While Apple prides itself on being a good global corporate citizen for supporting the environment and human rights elsewhere, the company choses to ignore environmental issues and human rights violations in China. The company’s reputation has suffered after repeatedly kowtowing to Beijing’s authoritarian demands. For example, in 2019, Apple, urged by the Chinese government, removed a police-tracking app used by Hong Kong pro-democracy protesters.

Apple has been widely criticized for its “one company, two systems” hypocrisy, and it isn’t alone. Many other Western companies, from Nike to BlackRock, also seem to believe they can bend their knees to the Chinese authorities while promoting liberal democratic values everywhere else, all without suffering economic consequences or damage to their reputations. Last week’s protests at an iPhone plant and their implications for Apple’s supply chain and the bottom line affirm that the “one company, two systems” approach is risky and unsustainable.

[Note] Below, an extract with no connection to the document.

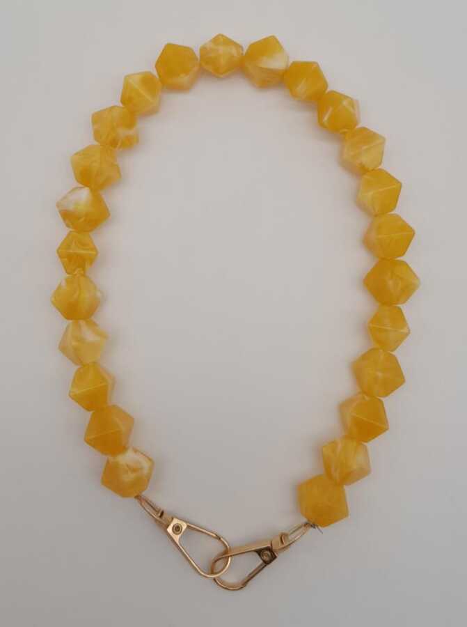 Angel Çanta Aksesuar 40 cm Mini Sekizgen Akrilik Hardal Renk Çanta Sapı Light Gold Metalli

Even Foxconn has sought to reduce its reliance on China by building more factories in neighboring countries such as Vietnam and India. Leaders at Western companies, including Apple’s Chief Executive Officer Tim Cook, have a business and moral obligation to address their dependency on China and seek alternatives. Continuing business as usual will be irresponsible to their customers, employees, and shareholders.